[Given information]
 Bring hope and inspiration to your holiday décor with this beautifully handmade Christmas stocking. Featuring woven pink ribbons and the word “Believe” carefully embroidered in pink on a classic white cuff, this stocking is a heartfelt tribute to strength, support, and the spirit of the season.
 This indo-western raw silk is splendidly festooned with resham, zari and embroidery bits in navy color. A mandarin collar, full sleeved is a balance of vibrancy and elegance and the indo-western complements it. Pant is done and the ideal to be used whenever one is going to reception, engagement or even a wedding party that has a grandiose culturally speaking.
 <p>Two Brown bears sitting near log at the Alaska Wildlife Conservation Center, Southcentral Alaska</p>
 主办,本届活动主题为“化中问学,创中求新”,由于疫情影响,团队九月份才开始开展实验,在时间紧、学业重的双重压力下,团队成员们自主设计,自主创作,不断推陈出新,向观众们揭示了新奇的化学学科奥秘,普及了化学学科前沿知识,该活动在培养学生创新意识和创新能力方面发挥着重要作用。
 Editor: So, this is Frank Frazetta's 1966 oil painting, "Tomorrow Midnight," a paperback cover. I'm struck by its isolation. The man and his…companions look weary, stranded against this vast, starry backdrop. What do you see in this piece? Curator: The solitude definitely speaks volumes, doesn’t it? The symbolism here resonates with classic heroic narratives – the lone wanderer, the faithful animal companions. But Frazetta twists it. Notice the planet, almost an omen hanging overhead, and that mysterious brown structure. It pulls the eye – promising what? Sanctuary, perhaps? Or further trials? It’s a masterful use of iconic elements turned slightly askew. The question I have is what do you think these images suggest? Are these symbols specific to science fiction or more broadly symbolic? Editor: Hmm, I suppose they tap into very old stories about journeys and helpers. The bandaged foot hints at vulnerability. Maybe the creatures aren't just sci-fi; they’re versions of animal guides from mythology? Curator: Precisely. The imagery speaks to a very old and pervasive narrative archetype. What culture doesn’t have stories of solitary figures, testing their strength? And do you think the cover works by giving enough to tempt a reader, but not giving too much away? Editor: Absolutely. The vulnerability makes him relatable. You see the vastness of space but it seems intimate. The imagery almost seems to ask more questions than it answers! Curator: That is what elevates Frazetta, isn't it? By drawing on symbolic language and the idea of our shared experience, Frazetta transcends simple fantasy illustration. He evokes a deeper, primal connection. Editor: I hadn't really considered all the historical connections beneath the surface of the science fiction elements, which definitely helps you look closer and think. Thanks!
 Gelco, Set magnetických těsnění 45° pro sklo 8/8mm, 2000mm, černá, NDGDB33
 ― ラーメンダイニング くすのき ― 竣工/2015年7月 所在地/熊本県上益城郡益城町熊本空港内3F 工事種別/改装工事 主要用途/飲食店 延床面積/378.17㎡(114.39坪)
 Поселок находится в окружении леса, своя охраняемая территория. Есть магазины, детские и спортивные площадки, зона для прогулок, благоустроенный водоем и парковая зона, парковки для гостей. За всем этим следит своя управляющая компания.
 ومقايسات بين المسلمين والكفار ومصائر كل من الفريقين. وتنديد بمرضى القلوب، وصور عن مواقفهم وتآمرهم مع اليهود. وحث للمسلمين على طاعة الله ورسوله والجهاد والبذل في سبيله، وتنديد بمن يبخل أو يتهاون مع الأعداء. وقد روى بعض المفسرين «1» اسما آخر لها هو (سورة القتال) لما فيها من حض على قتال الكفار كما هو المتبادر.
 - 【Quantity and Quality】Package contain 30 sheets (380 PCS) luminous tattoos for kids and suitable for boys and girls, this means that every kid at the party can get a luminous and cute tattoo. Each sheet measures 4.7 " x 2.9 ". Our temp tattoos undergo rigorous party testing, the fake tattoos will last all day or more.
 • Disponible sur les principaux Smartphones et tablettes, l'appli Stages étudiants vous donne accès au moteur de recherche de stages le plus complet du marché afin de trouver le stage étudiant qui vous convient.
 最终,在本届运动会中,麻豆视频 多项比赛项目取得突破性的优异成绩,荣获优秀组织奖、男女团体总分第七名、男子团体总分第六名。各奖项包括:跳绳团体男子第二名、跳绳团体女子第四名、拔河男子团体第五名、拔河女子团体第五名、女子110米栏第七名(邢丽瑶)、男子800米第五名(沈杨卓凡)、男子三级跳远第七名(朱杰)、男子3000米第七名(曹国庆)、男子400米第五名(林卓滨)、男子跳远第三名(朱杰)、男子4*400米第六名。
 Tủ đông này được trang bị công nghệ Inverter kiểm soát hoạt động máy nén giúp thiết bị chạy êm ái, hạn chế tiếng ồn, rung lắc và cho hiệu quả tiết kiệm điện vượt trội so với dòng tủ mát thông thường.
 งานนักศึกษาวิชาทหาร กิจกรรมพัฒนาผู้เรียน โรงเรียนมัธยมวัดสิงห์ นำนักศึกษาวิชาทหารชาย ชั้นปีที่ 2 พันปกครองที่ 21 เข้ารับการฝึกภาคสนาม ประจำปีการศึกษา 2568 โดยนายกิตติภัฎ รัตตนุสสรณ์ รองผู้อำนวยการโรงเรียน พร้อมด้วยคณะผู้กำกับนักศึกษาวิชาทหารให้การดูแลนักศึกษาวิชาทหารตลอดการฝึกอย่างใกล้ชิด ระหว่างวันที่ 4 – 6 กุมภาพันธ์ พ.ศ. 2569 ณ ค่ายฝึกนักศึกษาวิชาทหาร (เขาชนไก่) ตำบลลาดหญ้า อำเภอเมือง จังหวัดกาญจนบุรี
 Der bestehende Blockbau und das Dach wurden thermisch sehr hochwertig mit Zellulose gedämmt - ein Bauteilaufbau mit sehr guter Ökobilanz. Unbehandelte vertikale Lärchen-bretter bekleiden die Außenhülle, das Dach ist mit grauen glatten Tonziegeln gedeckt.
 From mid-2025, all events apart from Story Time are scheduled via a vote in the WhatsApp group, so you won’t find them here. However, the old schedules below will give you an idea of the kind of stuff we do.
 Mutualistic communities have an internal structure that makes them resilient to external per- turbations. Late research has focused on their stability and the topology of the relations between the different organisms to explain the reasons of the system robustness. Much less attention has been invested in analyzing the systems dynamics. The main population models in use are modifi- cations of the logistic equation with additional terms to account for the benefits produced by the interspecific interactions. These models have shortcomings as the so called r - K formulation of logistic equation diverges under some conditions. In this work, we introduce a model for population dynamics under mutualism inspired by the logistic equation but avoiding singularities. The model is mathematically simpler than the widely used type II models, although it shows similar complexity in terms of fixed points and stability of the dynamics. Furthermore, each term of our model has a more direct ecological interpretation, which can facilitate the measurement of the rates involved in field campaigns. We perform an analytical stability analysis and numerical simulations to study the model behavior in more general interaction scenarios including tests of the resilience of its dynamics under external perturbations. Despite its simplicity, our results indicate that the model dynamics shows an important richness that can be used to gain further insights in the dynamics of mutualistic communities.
[/Given information]
§ **Aim of the exercise**
Every line above that holds the string "will" should be returned.

§ **Written response**
 - 【Quantity and Quality】Package contain 30 sheets (380 PCS) luminous tattoos for kids and suitable for boys and girls, this means that every kid at the party can get a luminous and cute tattoo. Each sheet measures 4.7 " x 2.9 ". Our temp tattoos undergo rigorous party testing, the fake tattoos will last all day or more.
 From mid-2025, all events apart from Story Time are scheduled via a vote in the WhatsApp group, so you won’t find them here. However, the old schedules below will give you an idea of the kind of stuff we do.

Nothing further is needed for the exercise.